Association of selected caregiver characteristics and caregiver well‐being outcomes
CESD‐10a , b (n = 899) | Caregiver Perceived Financial Strainc , d (n = 899) | Caregiver Global Satisfaction with VA Caree , f (n = 899) | Caregiver Health Status is “Good” or Betterg , h (n = 899) | |
---|---|---|---|---|
Estimated Coefficient (Standard Error)i | Estimated Coefficient Standard Error)i | Estimated Coefficient (Standard Error)i | Odds Ratio (95% Confidence Interval)j | |
Caregiver white race | 0.78 (0.41) | −0.50 (0.23) P = 0.030 | −0.69 (0.19) P < 0.001 | 0.91 (0.66‐1.27) |
Caregiver is spouse to veteran | 1.17 (0.49) P = 0.018 | −0.27 (0.28) | −0.08 (0.23) | 0.88 (0.59‐1.33) |
Caregiver's highest level of education is vocational/trade school or some college | 1.14 (0.49) P = 0.022 | 1.12 (0.28) P < 0.001 | −0.74 (0.23) P = 0.001 | 1.08 (0.72‐1.61) |
Caregiver's highest level of education is Bachelor's degree or higher | 2.08 (0.56) P < 0.001 | 1.70 (0.32) P < 0.001 | −0.51 (0.26) | 0.88 (0.56‐1.39) |
Length of time spent as a caregiver | 0.19 (0.06) P = 0.001 | 0.08 (0.03) P = 0.013 | −0.03 (0.03) | 0.97 (0.93‐1.01) |
“Fair” or better veteran health status | −2.04 (0.47) P < 0.001 | −0.91 (0.27) P < 0.001 | 0.98 (0.22) P < 0.001 | 1.82 (1.28‐2.60) P = 0.001 |
Tier level 2 | −0.76 (0.47) | −0.27 (0.27) | 0.01 (0.22) | 1.57 (1.08‐2.29) P = 0.018 |
Tier level 3 | −1.15 (0.50) P = 0.022 | −0.65 (0.29) P = 0.022 | 0.33 (0.24) | 1.37 (0.92‐2.03) |
Higher scores reflect more depressive symptoms.
Linear Regression, R2 = 0.09; Adjusted R2 = 0.07.
Higher scores reflect higher perceived financial strain.
Linear Regression, R2 = 0.06; Adjusted R2 = 0.05.
Higher scores reflect improved quality of care.
Linear Regression, R2 = 0.07; Adjusted R2 = 0.06.
The reference group included caregivers whose self‐reported health was “poor” or “fair”.

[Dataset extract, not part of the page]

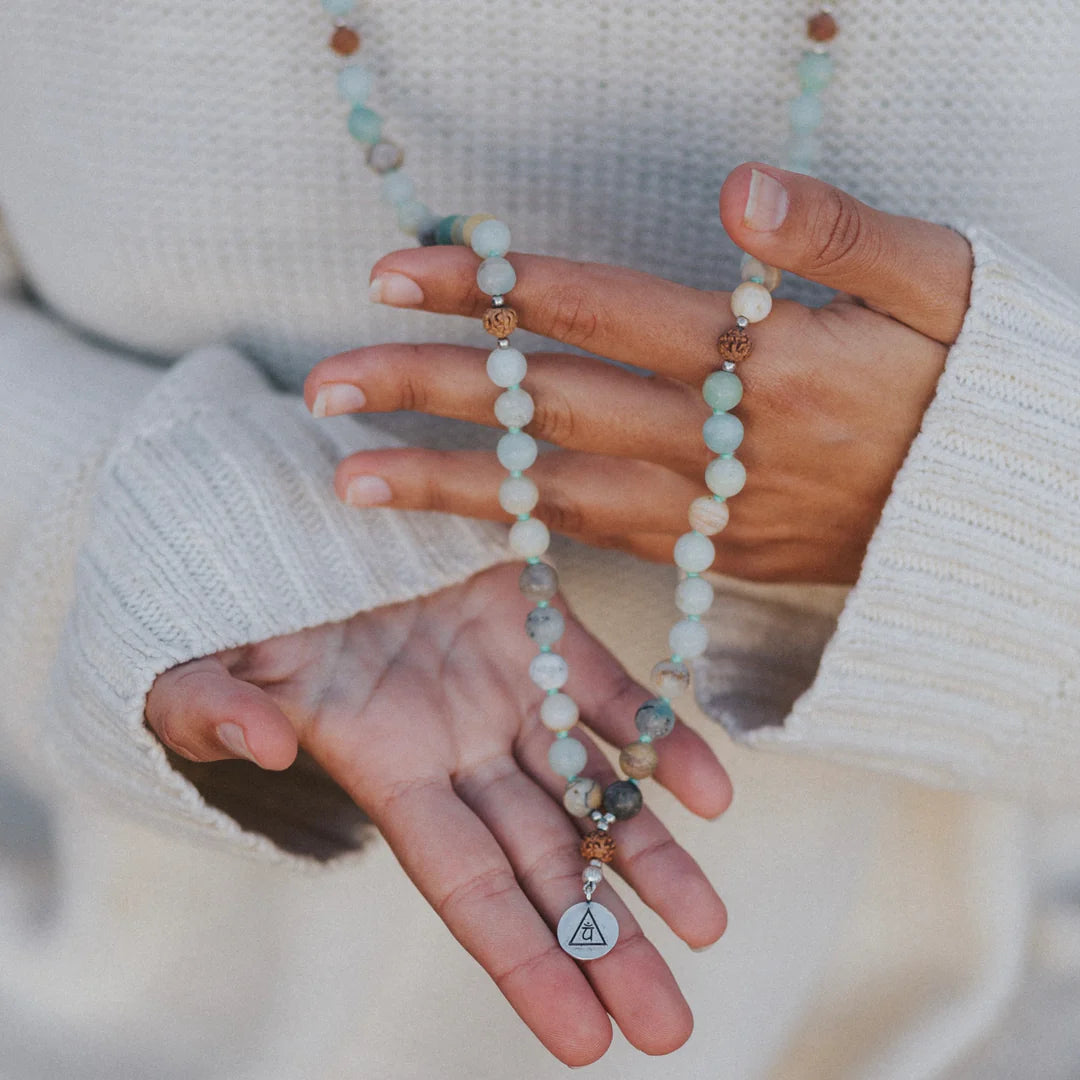 - The 108 precious beads of Amazonite and Rudraksha sacred seeds are thread meditatively by hand; the beads are around 7.5mm each.

Logistic regression, c‐statistic = 0.61.
P values were estimated using t tests.
P values were estimated using Wald Chi‐Squared test.
Linear regression models had adjusted R‐squared ranging from 0.05 to 0.07. The logistic regression had a c‐statistic of 0.61. The linear model fit diagnostics suggest the models explain a small percent of the variation around the mean. The logistic model fit diagnostic suggests the model's predictive accuracy is mediocre.
4. DISCUSSION
Informal caregiving is receiving increased national attention. The rapidly growing aging population as well as the number of seriously injured Veterans from OEF/OIF/Operation New Dawn (OND) create a growing need for family caregivers and greater attention to policies and programs, which support family caregivers in this role. In September 2016, the National Academies of Sciences, Engineering and Medicine Committee on Family Caregiving for Older Adults released a report outlining the current policies supporting family caregivers in the United States.18 The committee identified the inadequacy of current supports for caregivers and proposed a national strategy to increase screening and education for caregivers to mitigate the risks of caregiving. Additionally, the proposed strategy empowers health care providers to incorporate an evaluation of the needs and capacities of the patient's caregiver into the patient's management plan. The driving force behind these recommendations was to improve the quality of care provided for the patient/care recipient. The report highlights that understanding the caregiver experience is a critical piece to providing appropriate support that can enhance outcomes for both the caregiver and care recipient.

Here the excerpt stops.